第49話 禰宜は本島、小松菜も本島
朝の日供祭を終えると、発光をおねだりされた太一は、しっかり4回発光した。そして、眠い目をこすって本島家へと急いだ。4本の動画を携えていたが、その中にはまりえの自撮り動画もあった。
「あらいやだ。また来たの……。」
「連日、お騒がせして、申し訳ございません」
本島家に着くと、本島のお母さんの態度は太一にとって意外なものだった。昨日は歓迎ムードもあったが、今日は全くない。そればかりか迷惑がっている節さえあった。昨日が糠喜びだっただけに、太一への期待が大きく下がっているのだ。
「雄大、また来たよ!」
「……。」
太一は気にもせずに本島の部屋の前に陣取り、何度も声をかけた。だが、相変わらず返事がない。そのうちに、本島のお母さんが文句を言ってきた。
「もう、辞めてちょうだい!」
わんわん泣きながら、太一を睨みつけてさらに続けた。
「あなたが悪いんでしょ。全部、あなたが……。」
「おばさん……。」
本島がひきこもった理由を母親が知らないはずはない。それ以前の付き合いもあるから昨日は昨日の態度だった。だが、努力しても報われないというのは、努力しないよりもかえって辛いこともある。太一が本島にはなし掛ければはなし掛けるほど、痛々しさが増す。まるで、全ては我が息子が悪いと言われているようで、腹も立つのだ。そんな本島のお母さんの気持ちをようやく察して、太一は引き上げることにした。

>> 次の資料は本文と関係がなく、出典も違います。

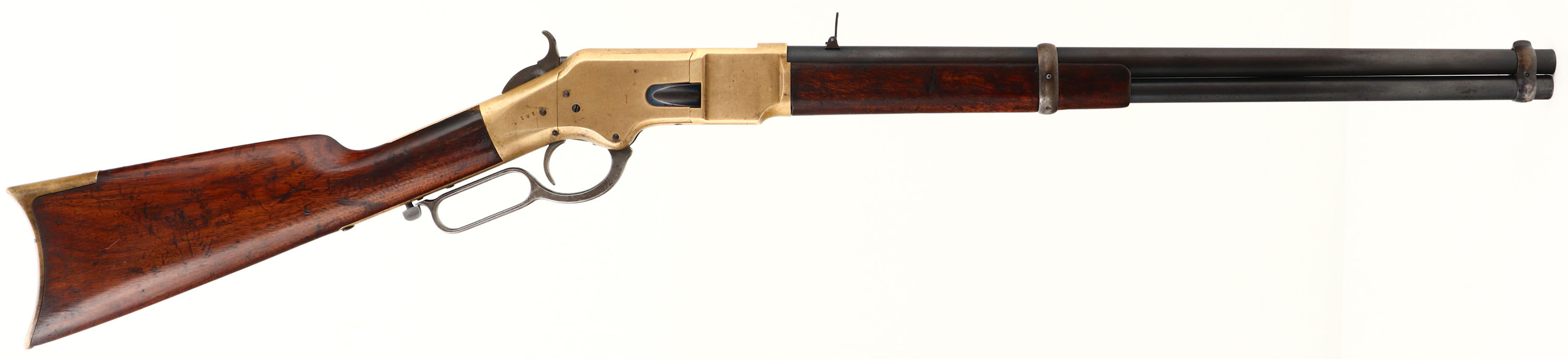 Winchester, Model 1866 Saddle Ring Carbine, 2nd variation, .44 Henry Cal., MFG. 1869, SN: 21808, Lever Action Rifle, 20'' Round barrel, Full mag. Rare early carbine with a Henry marked barrel. The address atop the barrel is still very sharp. The original wood stocks are excellent & solid. The stocks original finish has thinned & darkened from use & oils, with some added oils or protective finish. Stock has a repaired chip in the upper left corner of the tang & a small missing chip at the right corner. There are handling marks, scrapes & small contusions. The barrel & mag display 85% coverage of what appears to be the original metal blue finish, with some added finish in areas of previous wear or light pitting. The blue is starting to tone to a brown patina in areas of thinning. The lever & hammer retain muted remains of case-colors. The brass receiver & buttplate have a nicely aged patina. Bore is excellent. The barrel carries the original flip-up rear sight, with 1,3 & 5 markings for 100, 300 & 500 YDS & a standard pinch blade barrel band front sight. Stock carries a brass trapdoor crescent buttplate. A staple mounted saddle ring is located on the left side of the receiver. The numbers ''282'' are stamped on the rear portion of the right side of receiver. The SN is stamped on the lower tang. Tight, smooth action & appears mechanically sound. This early 1866 SRC has a wonderful aged appearance & these rifles are hard to find in this well maintained condition.* Antique, No FFL Req. - Value: 15000 to 18000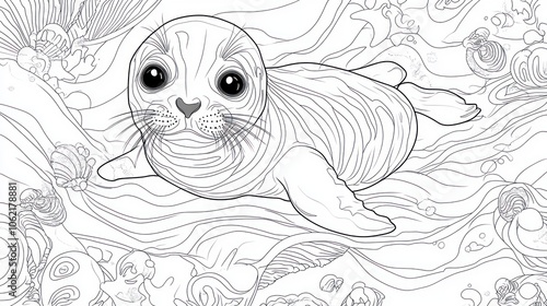 Fototapeta premium A Detailed Line Drawing of a Seal Pup Swimming in the Ocean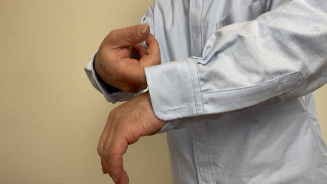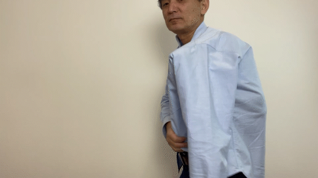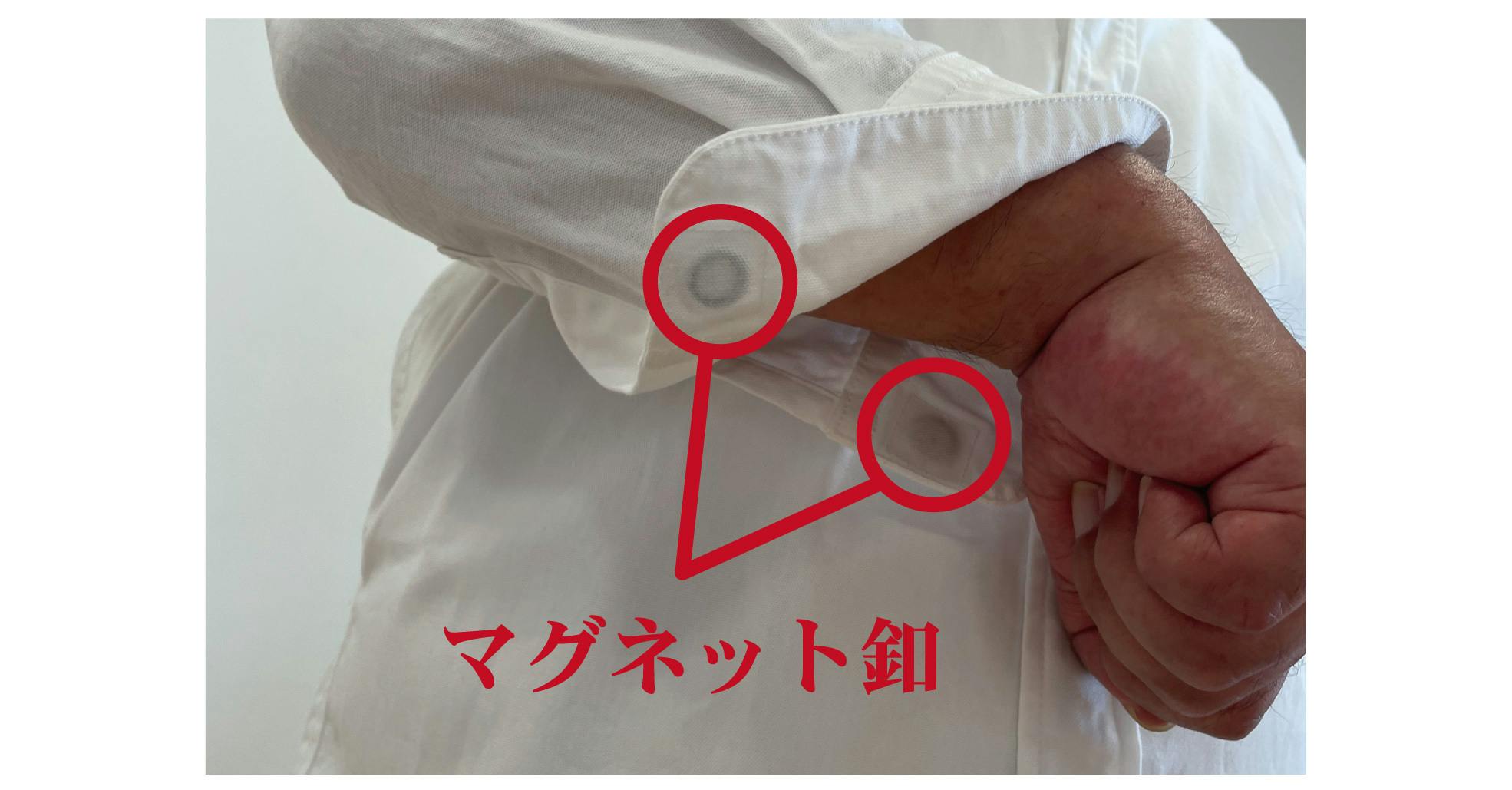マグネット釦のポイントは、カフスを大きく開くことが出来るので拘縮した手首を袖に通しやすいということです。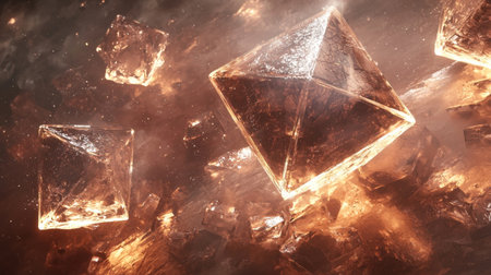 Captivating macro shot of ice crystals glimmering with a warm orange glow, showcasing intricate textures and unique shapes for a stunning visual impact.

中にいた本島は、何度もはなしかけてきた太一に少しずつ心を開いていて、何かのきっかけがあれば部屋を飛び出していてもおかしくない気持ちだった。それまで我慢できないのが親心というものだから、誰が悪いということはない。
「おばさん、お世話になりました。もう、来ませんから」
太一は本島の母親に正対し、深々と頭を下げた。そして、本島がいるであろう方を向いて、最後にビデオメッセージがあることを告げた。
「今、メールで送ったから、見れるときに見て欲しい」
太一は3通のメールを送った。用意していた動画は4本あったが、1本は送らないことにしたのだ。そのあとは、何も言わずにゆっくりと部屋の前を去った。